* **Dataset**:
▼▼▼

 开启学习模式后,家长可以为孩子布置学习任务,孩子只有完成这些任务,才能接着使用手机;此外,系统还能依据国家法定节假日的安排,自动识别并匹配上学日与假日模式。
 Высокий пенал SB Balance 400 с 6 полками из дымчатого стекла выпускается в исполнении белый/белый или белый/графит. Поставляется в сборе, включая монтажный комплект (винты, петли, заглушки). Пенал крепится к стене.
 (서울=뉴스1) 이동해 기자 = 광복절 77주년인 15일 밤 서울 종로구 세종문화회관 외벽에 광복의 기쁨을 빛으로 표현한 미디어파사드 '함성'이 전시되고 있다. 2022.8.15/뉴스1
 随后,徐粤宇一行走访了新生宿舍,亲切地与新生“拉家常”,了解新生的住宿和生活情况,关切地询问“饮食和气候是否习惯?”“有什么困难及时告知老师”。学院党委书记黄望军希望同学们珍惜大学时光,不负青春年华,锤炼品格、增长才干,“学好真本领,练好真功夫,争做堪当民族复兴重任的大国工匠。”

▲▲▲
▼▼▼

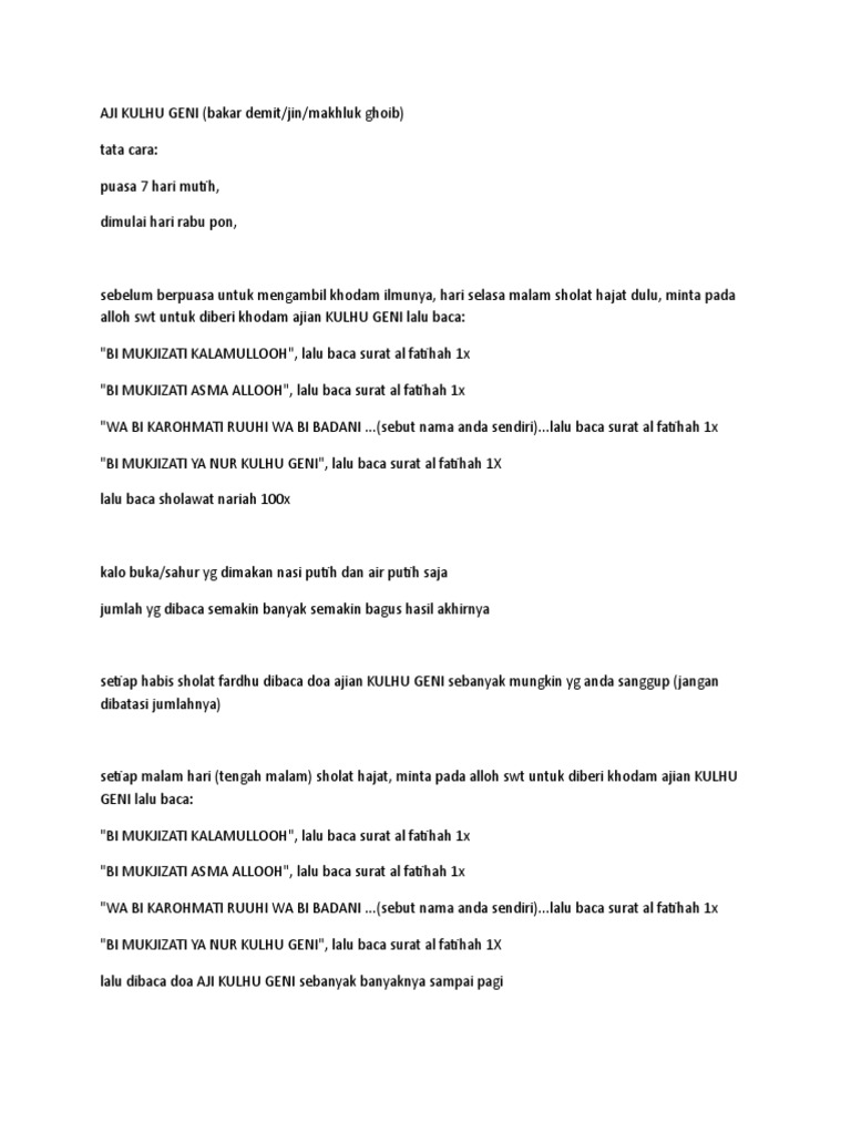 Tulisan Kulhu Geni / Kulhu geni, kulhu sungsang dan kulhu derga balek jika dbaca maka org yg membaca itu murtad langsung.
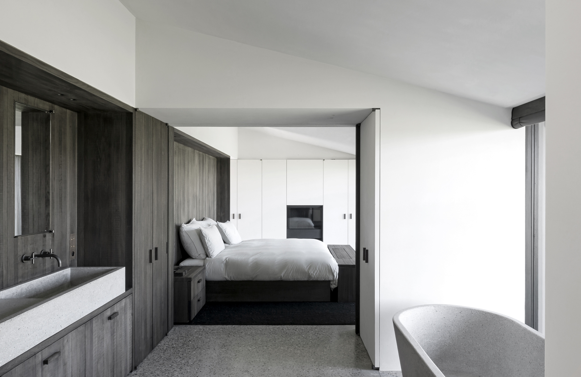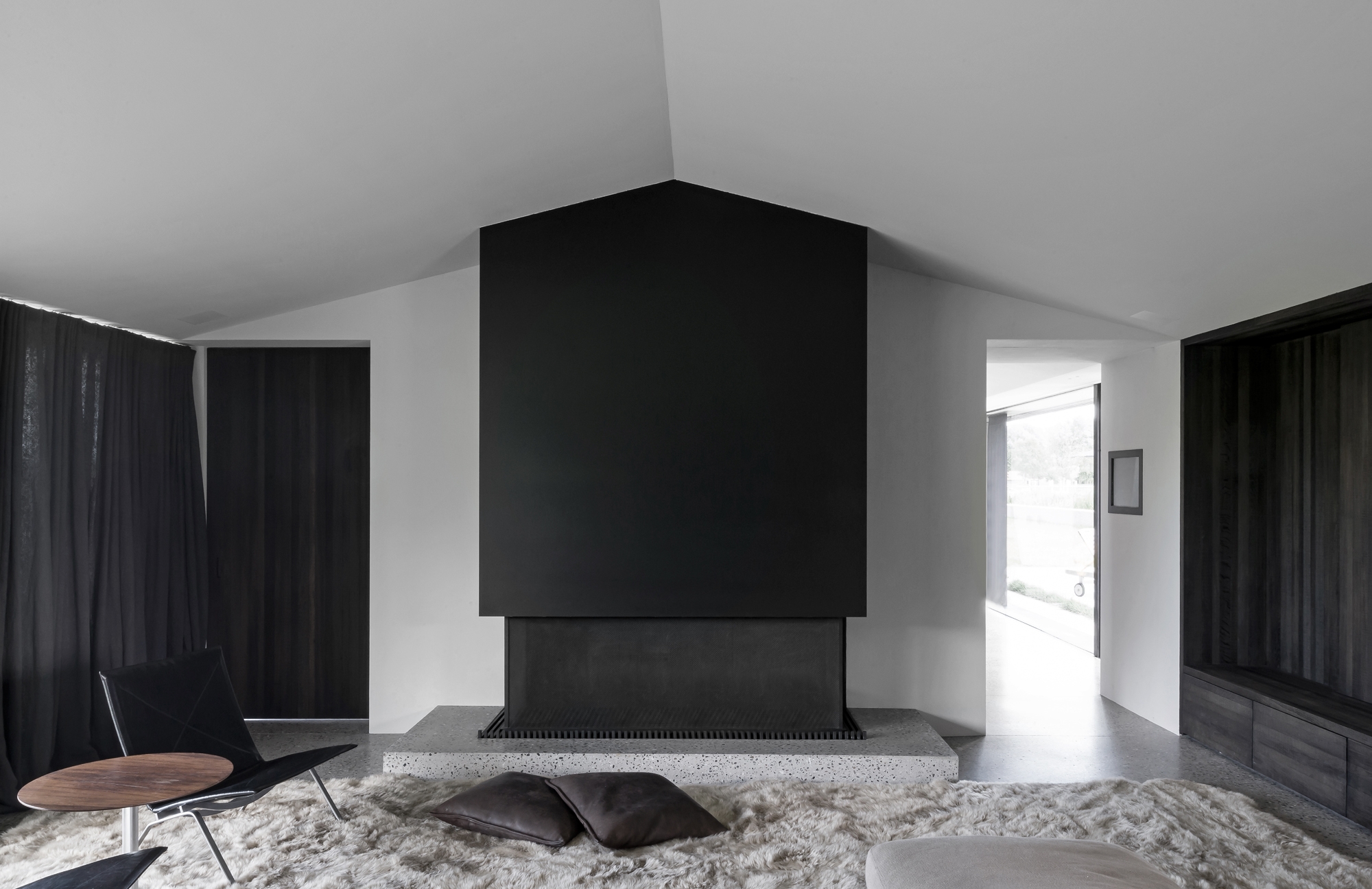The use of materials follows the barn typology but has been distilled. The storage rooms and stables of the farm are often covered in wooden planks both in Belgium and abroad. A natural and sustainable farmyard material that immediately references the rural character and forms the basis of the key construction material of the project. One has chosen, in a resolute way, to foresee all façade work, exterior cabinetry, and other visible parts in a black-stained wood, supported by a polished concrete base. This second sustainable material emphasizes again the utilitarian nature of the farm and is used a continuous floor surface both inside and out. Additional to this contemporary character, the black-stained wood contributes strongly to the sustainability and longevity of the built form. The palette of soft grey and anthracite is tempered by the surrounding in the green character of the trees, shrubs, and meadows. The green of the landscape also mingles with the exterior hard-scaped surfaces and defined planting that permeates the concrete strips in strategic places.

▲▲▲

* **Directions**:
Your reply is to repeat, unchanged, the lines above running from the one with "开启学习模式后,家长可以为孩" up to and including the one with "随后,徐粤宇一行走访了新生宿".

* **Answer to this exercise**:
 开启学习模式后,家长可以为孩子布置学习任务,孩子只有完成这些任务,才能接着使用手机;此外,系统还能依据国家法定节假日的安排,自动识别并匹配上学日与假日模式。
 Высокий пенал SB Balance 400 с 6 полками из дымчатого стекла выпускается в исполнении белый/белый или белый/графит. Поставляется в сборе, включая монтажный комплект (винты, петли, заглушки). Пенал крепится к стене.
 (서울=뉴스1) 이동해 기자 = 광복절 77주년인 15일 밤 서울 종로구 세종문화회관 외벽에 광복의 기쁨을 빛으로 표현한 미디어파사드 '함성'이 전시되고 있다. 2022.8.15/뉴스1
 随后,徐粤宇一行走访了新生宿舍,亲切地与新生“拉家常”,了解新生的住宿和生活情况,关切地询问“饮食和气候是否习惯?”“有什么困难及时告知老师”。学院党委书记黄望军希望同学们珍惜大学时光,不负青春年华,锤炼品格、增长才干,“学好真本领,练好真功夫,争做堪当民族复兴重任的大国工匠。”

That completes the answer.